• **Your assignment**:
Produce a faithful copy of the data, one that leaves out the pictures.

------ Supplied material

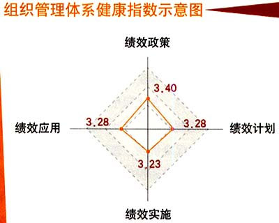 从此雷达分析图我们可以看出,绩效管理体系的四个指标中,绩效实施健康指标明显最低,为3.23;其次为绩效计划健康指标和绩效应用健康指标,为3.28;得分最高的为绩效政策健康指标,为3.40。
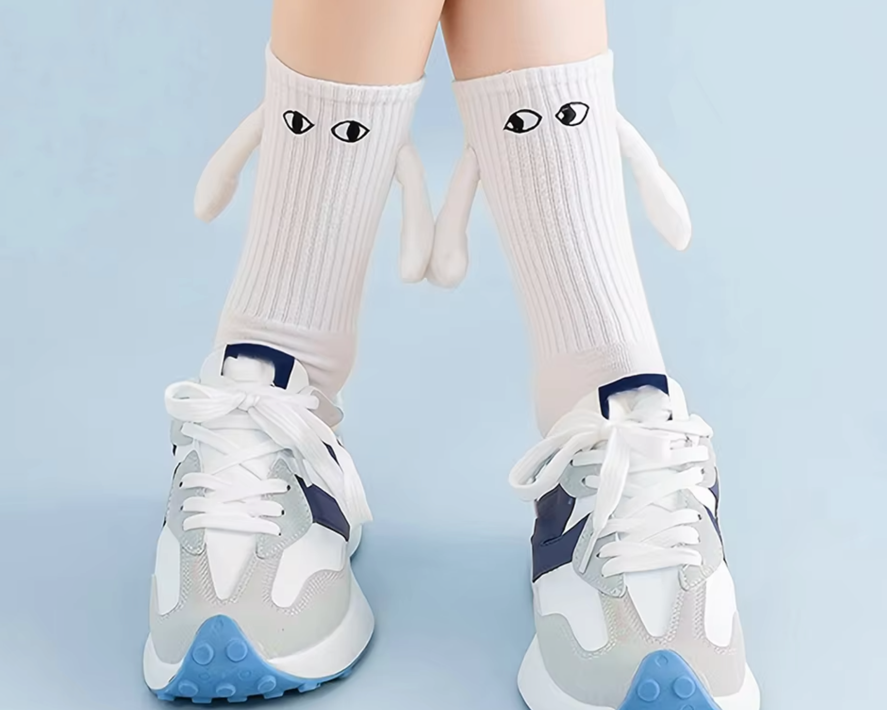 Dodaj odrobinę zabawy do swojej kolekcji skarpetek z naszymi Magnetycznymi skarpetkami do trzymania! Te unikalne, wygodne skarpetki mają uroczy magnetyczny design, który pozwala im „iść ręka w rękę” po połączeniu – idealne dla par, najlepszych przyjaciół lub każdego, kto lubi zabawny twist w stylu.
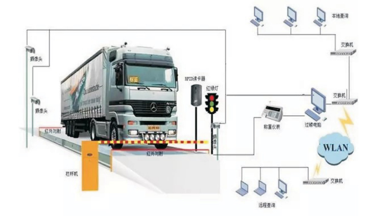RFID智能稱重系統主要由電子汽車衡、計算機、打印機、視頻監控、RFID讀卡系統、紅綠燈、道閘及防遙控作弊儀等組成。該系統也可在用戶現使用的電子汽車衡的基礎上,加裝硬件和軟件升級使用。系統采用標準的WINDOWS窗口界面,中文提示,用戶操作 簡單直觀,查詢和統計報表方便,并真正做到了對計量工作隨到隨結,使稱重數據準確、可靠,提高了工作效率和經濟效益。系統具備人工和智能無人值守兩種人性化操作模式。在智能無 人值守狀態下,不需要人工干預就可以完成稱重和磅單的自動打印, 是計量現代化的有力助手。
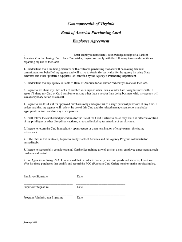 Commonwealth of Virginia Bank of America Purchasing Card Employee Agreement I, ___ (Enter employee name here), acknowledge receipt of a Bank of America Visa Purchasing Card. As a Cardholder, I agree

------------

• **Your solution**:
 从此雷达分析图我们可以看出,绩效管理体系的四个指标中,绩效实施健康指标明显最低,为3.23;其次为绩效计划健康指标和绩效应用健康指标,为3.28;得分最高的为绩效政策健康指标,为3.40。
 Dodaj odrobinę zabawy do swojej kolekcji skarpetek z naszymi Magnetycznymi skarpetkami do trzymania! Te unikalne, wygodne skarpetki mają uroczy magnetyczny design, który pozwala im „iść ręka w rękę” po połączeniu – idealne dla par, najlepszych przyjaciół lub każdego, kto lubi zabawny twist w stylu.
RFID智能稱重系統主要由電子汽車衡、計算機、打印機、視頻監控、RFID讀卡系統、紅綠燈、道閘及防遙控作弊儀等組成。該系統也可在用戶現使用的電子汽車衡的基礎上,加裝硬件和軟件升級使用。系統采用標準的WINDOWS窗口界面,中文提示,用戶操作 簡單直觀,查詢和統計報表方便,并真正做到了對計量工作隨到隨結,使稱重數據準確、可靠,提高了工作效率和經濟效益。系統具備人工和智能無人值守兩種人性化操作模式。在智能無 人值守狀態下,不需要人工干預就可以完成稱重和磅單的自動打印, 是計量現代化的有力助手。
 Commonwealth of Virginia Bank of America Purchasing Card Employee Agreement I, ___ (Enter employee name here), acknowledge receipt of a Bank of America Visa Purchasing Card. As a Cardholder, I agree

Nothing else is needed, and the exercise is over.